I've covered much of the background on DDT in other threads, but I'll give a quick repeat.
Yes, the science about birds that was used in the US ban on DDT was bad. However, that does not nullify all the subsequent information that points to the serious problems with the widespread use of DDT. Contrary to common myth, in the US, DDT use for mosquito control had peaked in the 50s and had dropped to very low levels by the 1972. It wouldn't have met re-registration requirements under FIFRA (Federal Insecticide, Fungicide and Rodenticide Act) if it had ever come up for review.
Most of the current objections to the ban on DDT rely on looking at the old data and/or scapegoating Racheal Carlson and rarely look at newer information. Nobody scientifically doubts that DDT is a persistant organic pollutant and can bioaccumulate.
DDT is a broad-spectrum insecticide that kills many different arthropods, including many nontargets and beneficials. Resistance to DDT has been reported throughout it's use as an area spray (which extended in the developing world well past the US 1972 ban, which some people erroneously assume was a world-wide ban). The mosquito control literature continued to have articles on DDT-resistance well into the 90s.
DDT is not a magic bullet for malaria, and it never was. It's main claim to fame was that it was the first mass-produced synthetic insecticide. DDT alone was never part of a successful anti-malaria program, but as part of a multi-pronged approach. And, there are many newer, and safer, materials that have replaced it.
The current, and only, approved use is as an Interior Repellent Spray (IRS), one of about 10 or 12 chemicals recommended by WHOPES (WHO Pesticide Evaluation Scheme). In that role, it really is not the best material to use overall, but it can be the best choice under the proper conditions.
1. It's what can be brought on scene and used in time at the start of an outbreak. Timing is important with IRS applications to prevent the early spread of malaria during an epidemic. or 2. When personnel shortages mean that reapplications cannot be reliablely made in less than six months. DDT is among the longest-lasting of the approved IRS sprays. or 3. When the local Anopheles popluation is resistance to the other materials available for use, like orthophosphates or synthetic pyrethroids.

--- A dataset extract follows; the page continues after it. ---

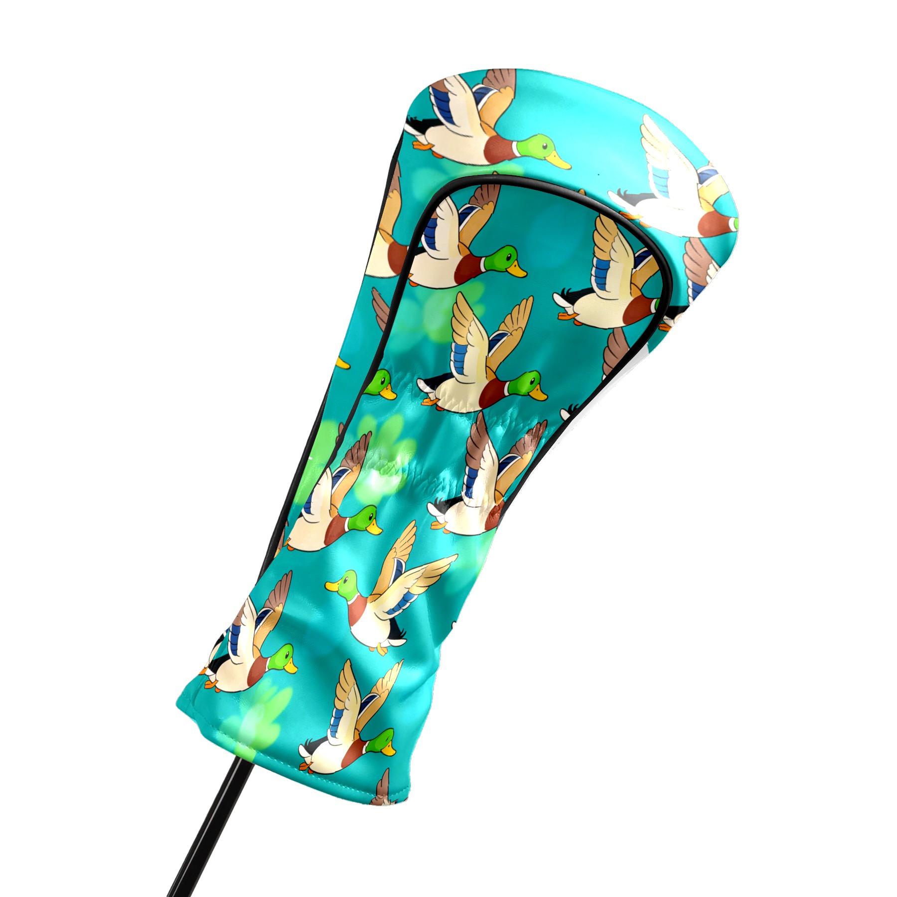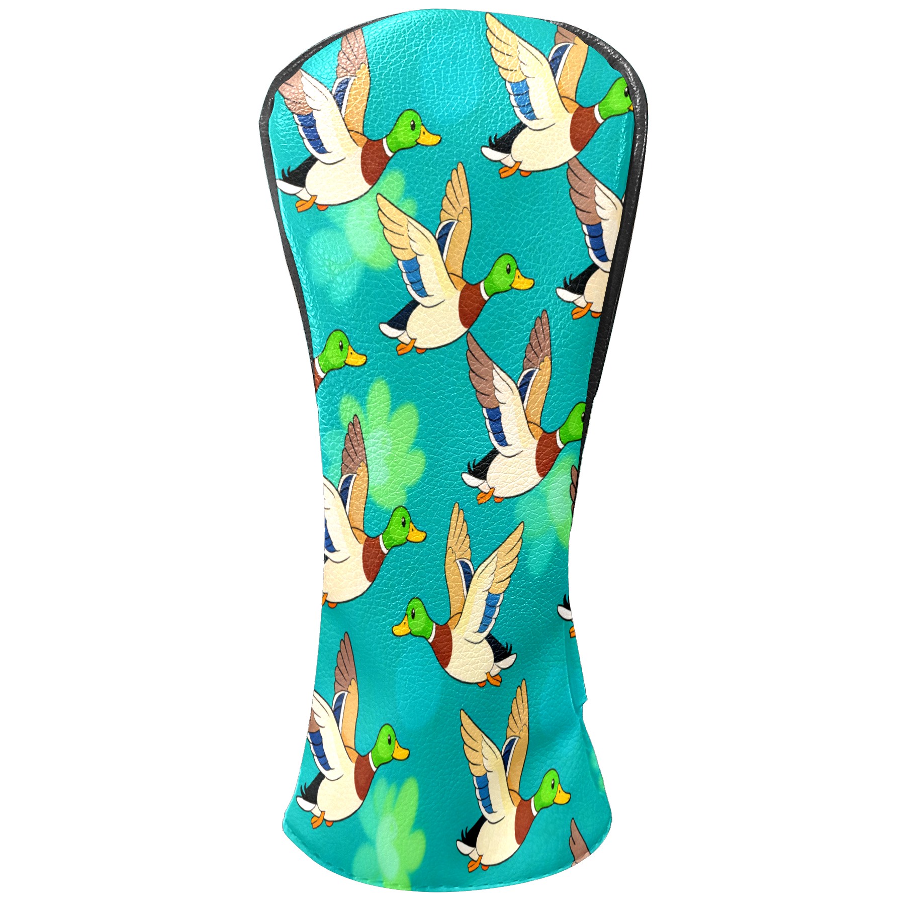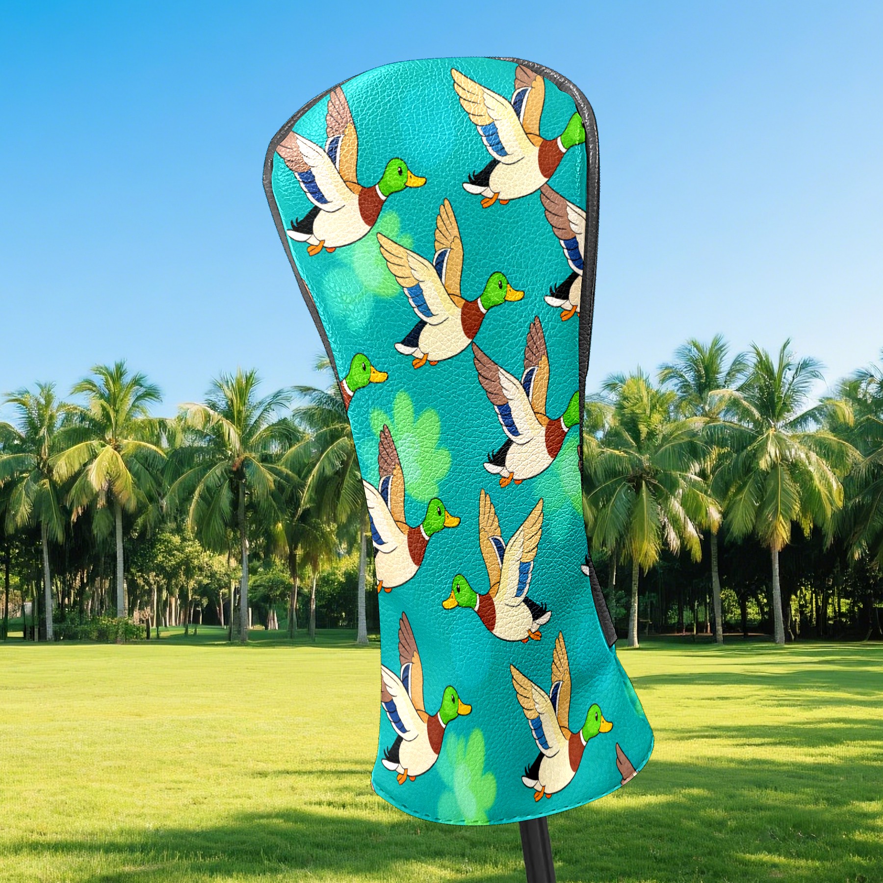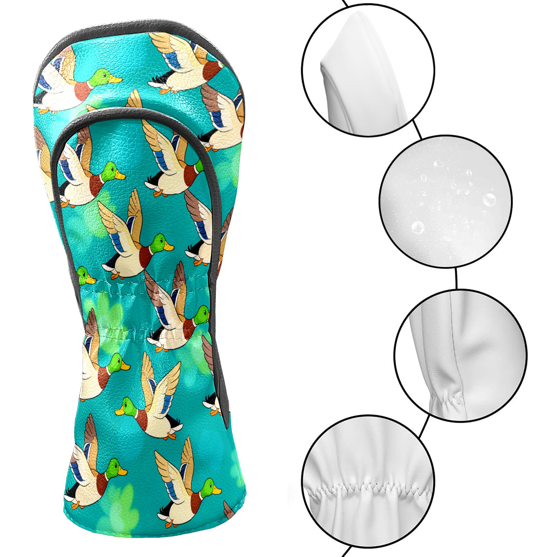 Golf Driver Head Cover Leather Driver Fairway Headcover, Premium Golf Club Covers with Plush Lining Girls Womens Mens Head Cover for Golf Clubs (Flying Ducks Teal)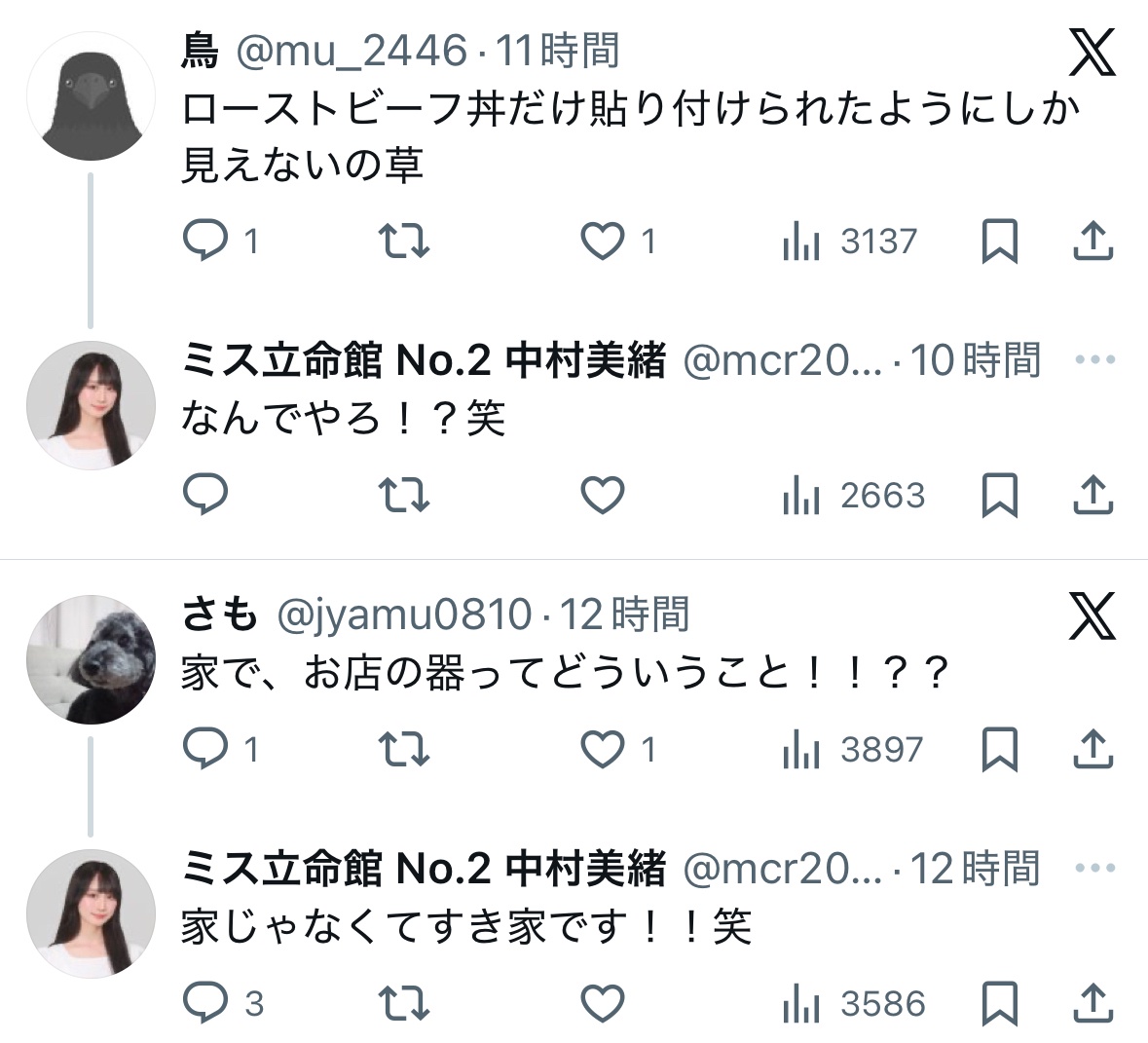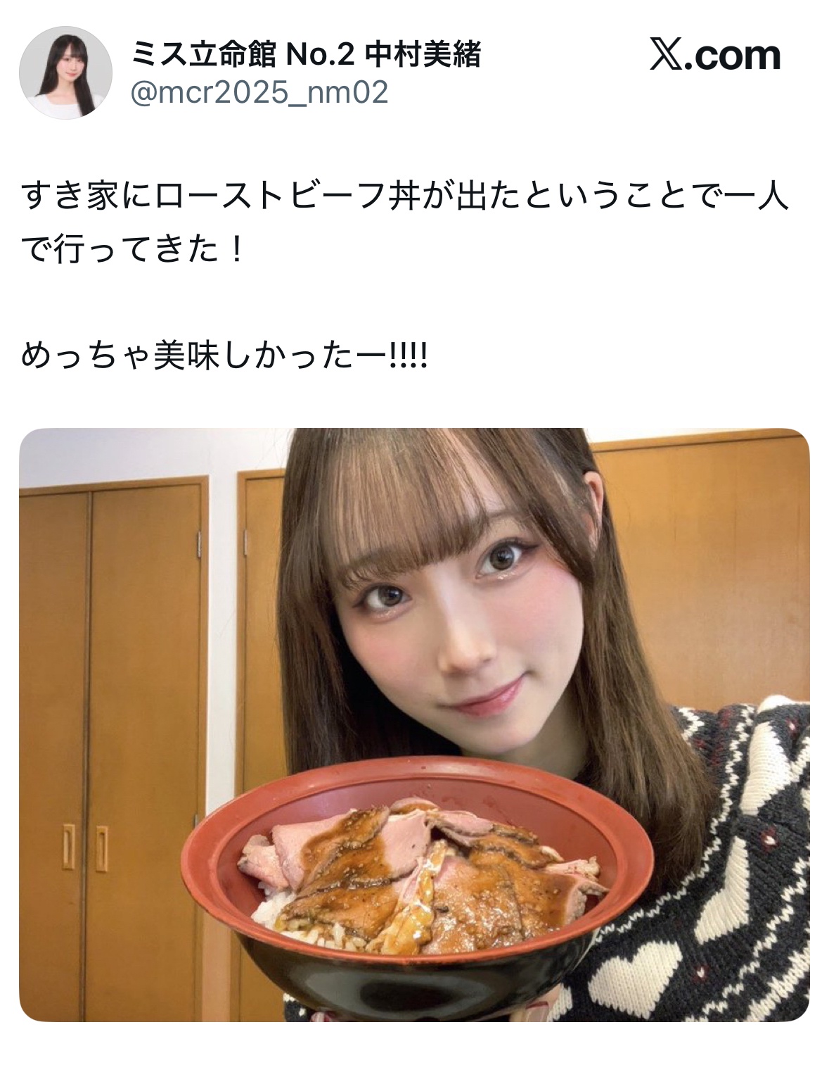 — ミス立命館 No.2 中村美緒 (@mcr2025_nm02) November 16, 2025

Incidently, in areas that already have DDT-resistant mosquitoes, it won't work well as an IRS. The WHOPES recommendations for IRS applications include specific instructions on resistance management, which the current initiative seems to be ignoring.
As a reference point, there is debate within the professional mosquito control community about the level of DDT use for IRS sprays. However, there is little debate about any kind of wider use, because the scientific evidence is so much against it.
DDT is a controversial subject and there is a lot of misinformation out there on both sides of the issue.
Malaria is a complex disease, with four different Plasmodium species as pathogens vectored by dozens of Anopheles mosquito species. History has shown that it can only be managed by applying efforts to all stages of the vector and disease species. Removing or reducing man-made larval habitats, using newer larval control methods on natural habitats. Using newer adult control sprays for general adult control. Residence denial, via IRS sprays, bed nets or window screening. Medical prophylaxis of exposed populations, and finally, proper medical care of those infected.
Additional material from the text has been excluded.